Well, I'll randomly continue.
Have you ever noticed that Paul NEVER mentions the Law of Moses in this letter we call 1st Corinthians? He's certainly having to deal with problems in the church that are grievous in nature such as drunkenness, arguing over who had been the greatest pastor, [ Paul, Peter, or Apollos] suing one another in courts of law and then there was that immoral situation they were not dealing with at all, and proud they were not as if it were a badge of honor that they were permissive.
In fact, the ONLY time Paul used the Law of Moses in his arguments for pure living was when he challenged the legalists who needed to be shown that even the law itself could not be kept in an effort to be holy. He NEVER used the law of Moses, even the ten commandments, as a standard to hold up for New Covenant behavior.
He did use the wisdom of God in the mystery of the gospel to show how shallow and foolish the wisdom of man was in dealing with real life. Paul seemed to have recognized that the Corinthians, who were basically Gentiles with only a few Jewish people, were more philosophers than anything else. Phileo means "love" and "Sophia" means wisdom in Greek, so he recognized they were lovers of wisdom in their culture and he moved right into their way of thinking to challenge them with the gospel which they considered to be foolish of course.
This shows me two things immediately.
One is that Paul was willing to engage the culture of his day and wasn't angry toward it or did not rail against it as if it were some kind of witchcraft at work against the gospel. He recognized its weaknesses and its inability to speak to the deepest problems and need of the human race, namely dealing with the fallen and hopeless nature of the human condition, but had no real answers. The wisdom of God seen in the gospel does have answers, however. Paul thought so at least. I do too.

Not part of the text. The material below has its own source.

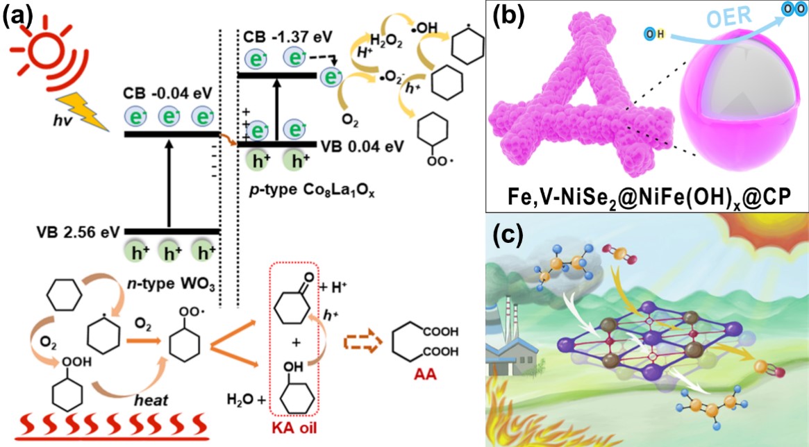 圖2 光、光熱催化方面:a)Z型異質(zhì)結(jié)CoLaOx/WO3光熱催化環(huán)己烷制KA油;b)Fe,V-NiSe2@NiFe(OH)x作為OER反應(yīng)的高效電催化劑;c)光熱協(xié)同催化CO2氧化丙烷脫氫制丙烯和CO

The second thing I see is that Paul had a CONFIDENCE in the ability of the gospel to "cut to the heart" and to make true believers out of foolish and lost people without the law of Moses being the basis for bringing conviction. He thought there was something REALLY powerful in the gospel message itself.
Maybe we need to trust the Holy Spirit's power and ability to take in His hands the foolishness of sharing the true gospel of Christ as the tool for bringing conviction, light and understanding to the people of any culture who have no reference to the religious background of the Old Testament most of us have.
Do you suppose Paul had it right when he said, "For I determined not to know anything among you except Jesus Christ and Him crucified....My speech and my preaching were not with enticing words of man's wisdom, but in the demonstration of the Spirit and of power..." [The gospel]
May we go and do likewise. Just some random thoughts.